Re: PG down, due to 3 OSD failing

Dan van der Ster <dvanders@xxxxxxxxx> · Fri, 1 Apr 2022 11:25:27 +0200

The PGs are stale, down, inactive *because* the OSDs don't start.
Your main efforts should be to bring OSDs up, without purging or
zapping or anyting like that.
(Currently your cluster is down, but there are hopes to recover. If
you start purging things that can result in permanent data loss.).

More below.

On Fri, Apr 1, 2022 at 9:38 AM Fulvio Galeazzi <fulvio.galeazzi@xxxxxxx> wrote:
>
> Ciao Dan,
>      thanks for your time!
>
> So you are suggesting that my problems with PG 85.25 may somehow resolve
> if I manage to bring up the three OSDs currently "down" (possibly due to
> PG 85.12, and other PGs)?

Yes, that's exactly what I'm suggesting.

> Looking for the string 'start interval does not contain the required
> bound' I found similar errors in the three OSDs:
> osd.158: 85.12s0
> osd.145: 85.33s0
> osd.121: 85.11s0

Is that log also for PG 85.12 on the other OSDs?

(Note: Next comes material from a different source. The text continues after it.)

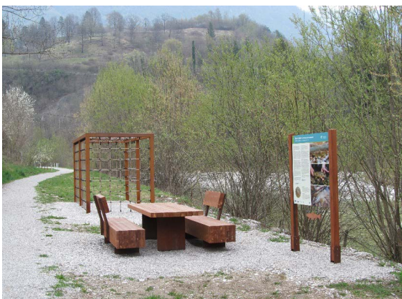
Učna pešpot ob Tolminki

Prizadevamo si za usmerjanje obiskovalcev na manj obremenjena in ustrezno urejena območja. V ta namen je Občina Tolmin uredila in opremila učno pešpot ob Tolminki z ribiškimi učnimi vsebinami in z opremo za kakovostno preživljanje prostega časa na prostem. Pot, ki je namenjena prebivalcem in obiskovalcem, nudi edinstveno učilnico na prostem, posvečeno v prvi vrsti predstavitvi in ozaveščanju pomena soške postrvi ter tradiciji ribištva in ribogojstva na Tolminskem, je pa tudi produkt, ki služi kot urejeno območje za rekreacijo ter za ohranjanje in vzpostavljanje socialnih stikov.

> Here is the output of "pg 85.12 query":
>         https://pastebin.ubuntu.com/p/ww3JdwDXVd/
>   and its status (also showing the other 85.XX, for reference):

This is very weird:

    "up": [
        2147483647,
        2147483647,
        2147483647,
        2147483647,
        2147483647
    ],
    "acting": [
        67,
        91,
        82,
        2147483647,
        112
    ],

Right now, do the following:
  ceph osd set norebalance
That will prevent PGs moving from one OSD to another *unless* they are degraded.

2. My theory about what happened here. Your crush rule change "osd ->
host" below basically asked all PGs to be moved.
Some glitch happened and some broken parts of PG 85.12 ended up on
some OSDs, now causing those OSDs to crash.
85.12 is "fine", I mean active, now because there are enough complete
parts of it on other osds.
The fact that "up" above is listing '2147483647' for every osd means
your new crush rule is currently broken. Let's deal with fixing that
later.

3. Question -- what is the output of `ceph osd pool ls detail | grep
csd-dataonly-ec-pool` ? If you have `min_size 3` there, then this is
part of the root cause of the outage here. At the end of this thread,
*only after everything is recovered and no PGs are
undersized/degraded* , you will need to set it `ceph osd pool set
csd-dataonly-ec-pool min_size 4`

4. The immediate goal should be to try to get osd.158 to start up, by
"removing" the corrupted part of PG 85.12 from it.
IF we can get osd.158 started, then the same approach should work for
the other OSDs.